Enfrentando assassinato em primeiro grau e acusações contínuas de abuso sexual com pena de morte pelo assassinato desmembrado da adolescente Celeste Rivas Hernandez no ano passado, a cantora de 21 anos (cujo nome verdadeiro é David Anthony Burke) sentou-se atrás de uma barreira de vidro na tarde de segunda-feira no tribunal da juíza do Tribunal Superior de Los Angeles, Theresa McGonigle.

“Acreditamos que as evidências reais mostrarão que David Burke não assassinou Celeste Rivas Hernandez”, disse a advogada de defesa Blair Berk ao juiz e aos presentes na segunda-feira, após entrar com os pedidos de seu cliente. “Gostaríamos que as evidências viessem à luz do dia”, acrescentou Berk, solicitando uma audiência probatória preliminar rápida o mais rápido possível.

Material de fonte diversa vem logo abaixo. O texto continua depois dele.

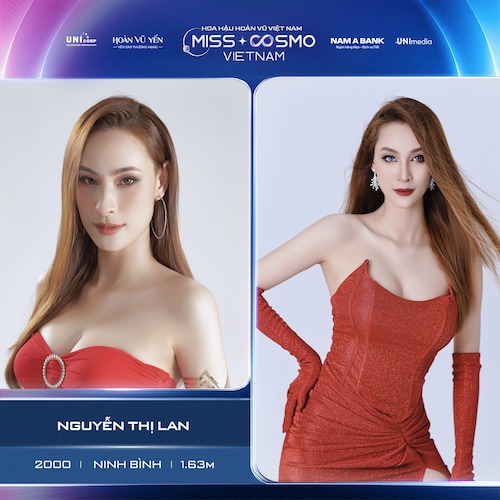 Thí sinh đến từ Ninh Bình – Nguyễn Thị Lan cũng sở hữu thành tích không hề kém cạnh. Cử nhân chuyên ngành Báo chí – Học viện Báo chí và Tuyên truyền; Huy chương Vàng môn Karate – Hội khỏe Phù Đổng tỉnh Ninh Bình 2015; Huy chương Vàng môn Karate – Đại hội Thể dục Thể thao tỉnh Ninh Bình 2018 – 2022 cùng một số thành tích tại cuộc thi sắc đẹp trong nước. Cô cho biết: “Tôi hy vọng rằng, hành trình Hoa hậu Hoàn vũ Việt Nam – Miss Cosmo Vietnam 2023 sẽ giúp tôi có thêm động lực, nguồn sức mạnh to lớn để thực hiện ước mơ của mình, mang đến những giá trị tốt đẹp cho trẻ em.”

Em resposta, a deputada promotora Beth Silverman disse que seu chefe Nathan Hochman e a promotoria ficariam “muito felizes em apresentar as evidências que coletamos contra Burke. Uma queixa formal de crime (leia aqui) contra D4vd foi apresentada ao mesmo tempo no LASC.

Os pais de Hernandez estavam sentados perto do Centro de Justiça Criminal Clara Shortridge Foltz durante o processo de acusação na segunda-feira.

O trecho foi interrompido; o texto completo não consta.